Extracted data:
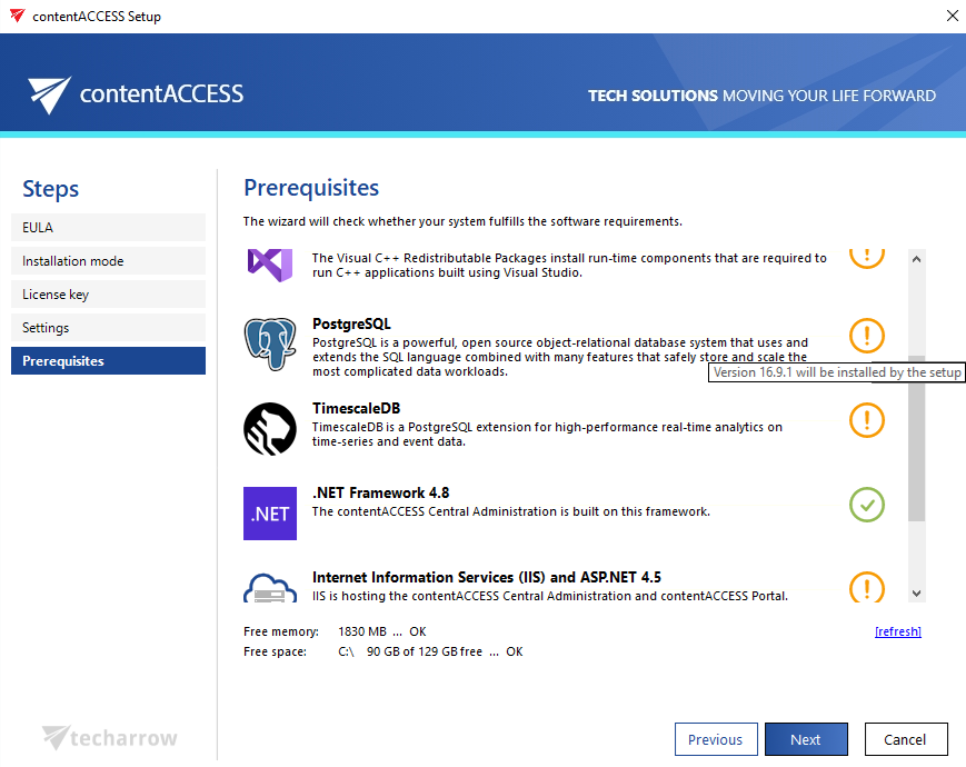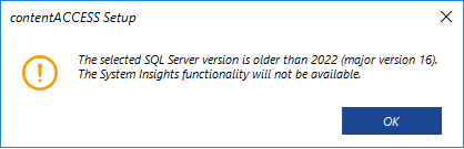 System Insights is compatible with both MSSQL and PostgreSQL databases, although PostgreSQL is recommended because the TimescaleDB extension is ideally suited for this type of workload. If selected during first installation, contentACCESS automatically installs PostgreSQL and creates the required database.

--

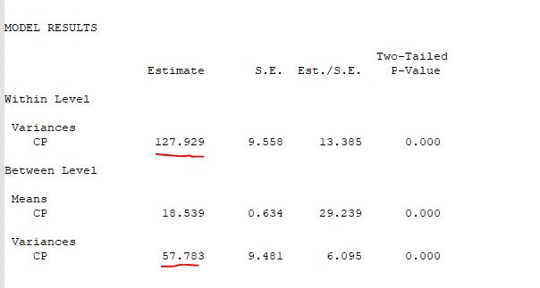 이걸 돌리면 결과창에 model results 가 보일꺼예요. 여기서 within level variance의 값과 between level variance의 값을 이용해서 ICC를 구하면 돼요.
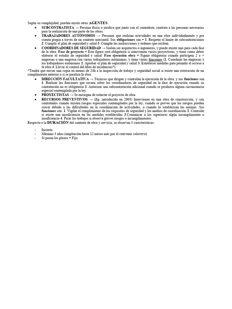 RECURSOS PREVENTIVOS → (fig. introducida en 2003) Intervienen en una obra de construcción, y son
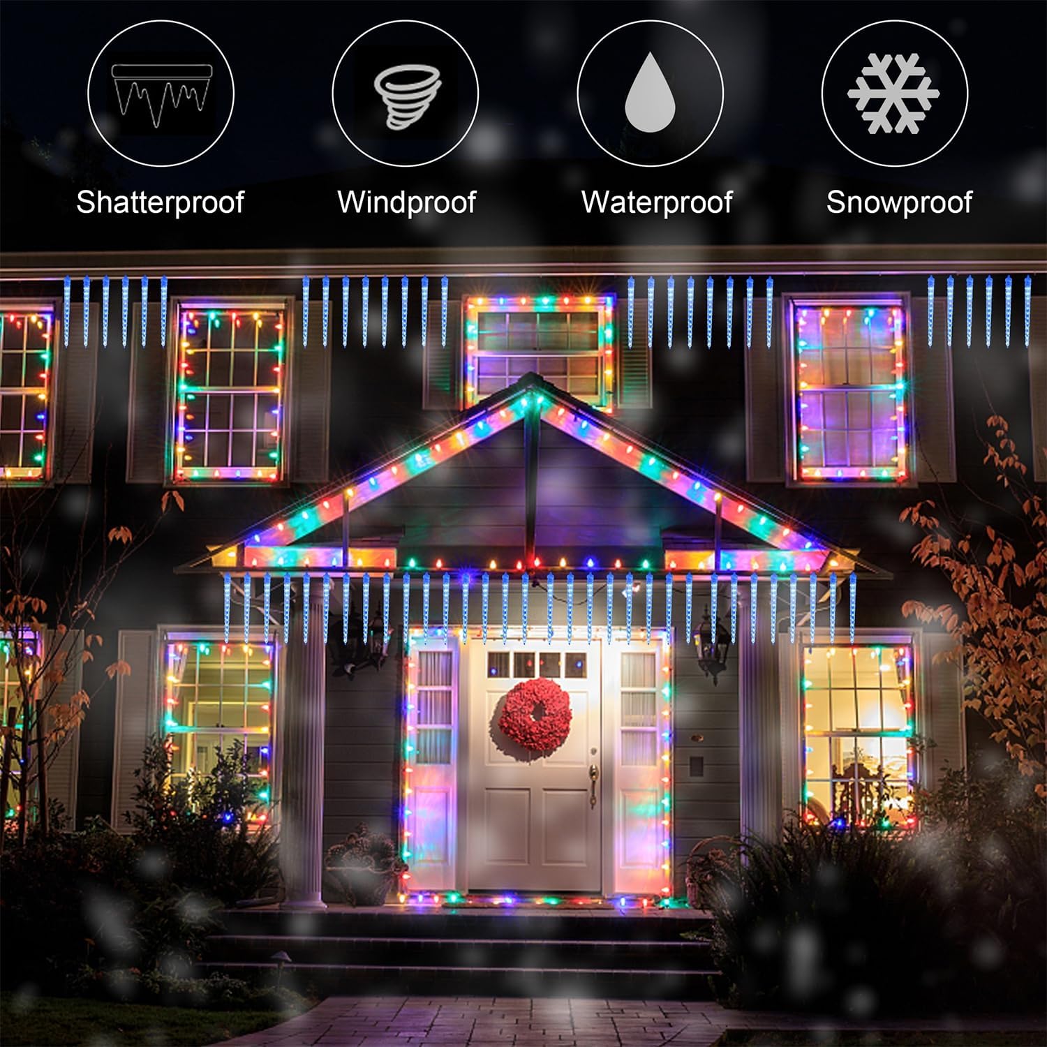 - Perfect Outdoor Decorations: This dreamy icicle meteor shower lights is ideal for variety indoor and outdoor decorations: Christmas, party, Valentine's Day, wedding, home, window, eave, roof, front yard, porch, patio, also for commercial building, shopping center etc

Try it: Look through the material above. Transcribe exactly the lines between the ones with "이걸 돌리면 결과창에" and "RECURSOS PREVENTIVOS →", inclusive, and keep pictures out.

Answer box:
 이걸 돌리면 결과창에 model results 가 보일꺼예요. 여기서 within level variance의 값과 between level variance의 값을 이용해서 ICC를 구하면 돼요.
 RECURSOS PREVENTIVOS → (fig. introducida en 2003) Intervienen en una obra de construcción, y son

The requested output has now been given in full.